The polymerase chain reaction (PCR) is widely regarded as the gold standard for nucleic acid detection. According to WHO recommendations, PCR (conventional or real-time) is a standard method for MPXV laboratory validation [23][51]. The detection can be combined with sequencing or other orthopox detection assays [24][19]. Conventional PCR-based MPXV detection involves PCR amplification and restriction digestion of the PCR-amplified fragments to identify MPXV based on restriction fragment length polymorphisms.

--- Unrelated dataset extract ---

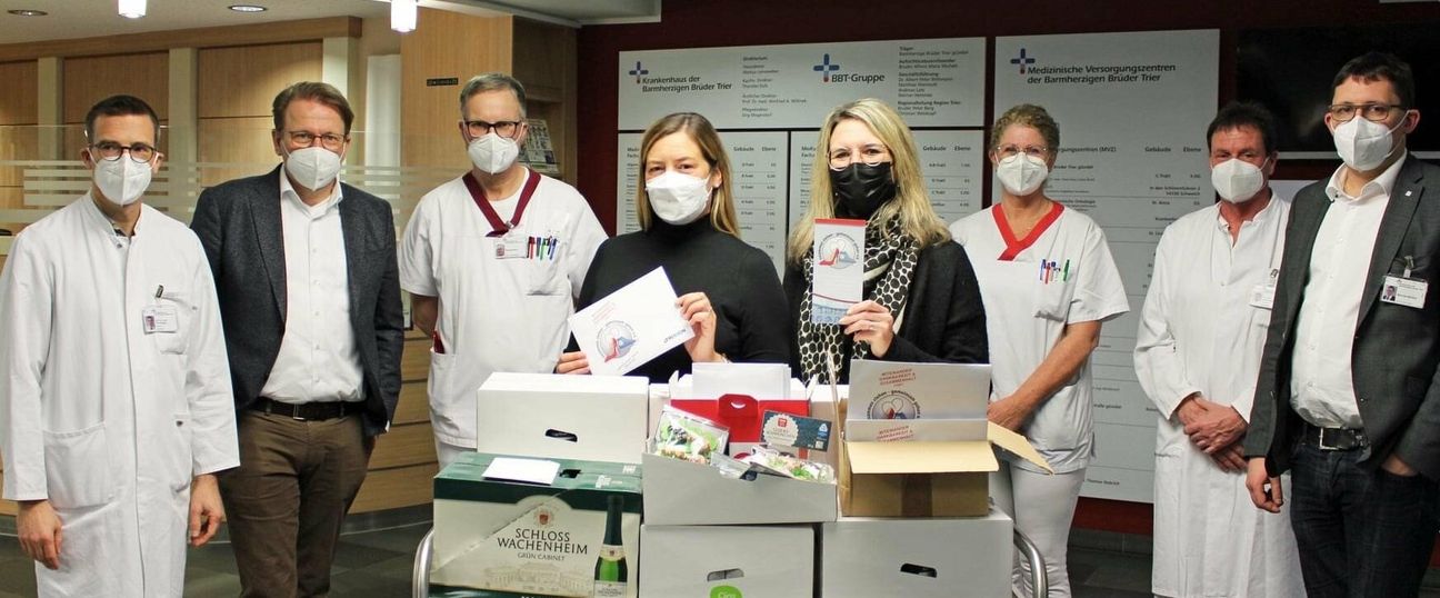 Trier. »Wertschätzung, Miteinander, Zusammenhalt«: Das ist das Motto des Vereins Zusammen stehen - gemeinsam gehen, der sich für gemeinnützige Projekte und bedürftige Menschen in der Region Trier einsetzt. Auf die Initiative des Vereins hin haben sich Unternehmen in Trier an einer großzügigen Spende beteiligt, um dem durch die Pandemie besonders belasteten Pflegepersonal für seinen Einsatz zu danken. Gemeinsam mit der Vereinsvorsitzenden Sarah Schmidt-Immendorf überreichte Vereinsgründerin Rike Port dem Klinikum Mutterhaus 80 und dem Krankenhaus der Barmherzigen Brüder 120 Verzehrgutscheine regionaler Gastronomen, Piccolos des Weinherstellers Schloss Wachenheim sowie Handseifen und -lotionen der Firma Cosmolux. Diese werden nun an die Pflegekräfte der Intensiv- und Coronastationen verteilt.

A hemagglutinin PCR (HA-PCR) assay was developed based on MPXV-specific primers coupled with TaqI restriction digestion [25][52]. The method could not distinguish different MPXV isolates. To improve the detection accuracy of the PCR assay, an A-type inclusion body protein (ATI) gene has been used to detect MPXV and other orthopoxviruses based on PCR-based gene amplification and XbaI digestion [26][27][53,54]. The method can differentiate MPXV strains based on restriction digestion. In another development, the open reading frame (ORF) of the ATI gene was identified, sequenced, and compared with other related poxviruses [28][55]. Unique deletions were found in the OFR of MPXV and were harnessed for the specific detection of the MPXV ATI gene. This PCR method differentiates 19 MPXV strains. The specificity was confirmed by BglII restriction digestion.
Compared to traditional PCR, real-time PCR is rapid and sensitive. Due to the low GC content and almost 90% genome identity with other Eurasian orthopoxviruses, designing an MPXV-specific TaqMan assay is challenging. Li et al. developed a real-time PCR assay where minor-groove-binding protein-based (MGB) probes were developed [29][56]. The use of MGB stabilizes probe–template interactions, enables the use of small probe sequences for single-nucleotide polymorphism (SNP) detection, and enhances assay sensitivity and specificity [30][57]. The method could detect 15 MPXV isolates at a 10 ng concentration. The assay efficiency with freshly diluted DNA is 97%, while it is reduced to 67% after multiple freeze–thaw cycles. These observations indicate that a fresh sample should be used in order to achieve maximum assay efficiency. The detection of MPXV and other orthopoxviruses based on melting-curve analysis (MCA) has also been reported [31][32][33][58,59,60]. Both clades (West African and Congo Basin) of MPXV have 99% sequence identity but are significantly different in terms of virulence [34][61]. It is a big challenge to develop a clade-specific real-time PCR detection approach due to the limited availability of unique sequences.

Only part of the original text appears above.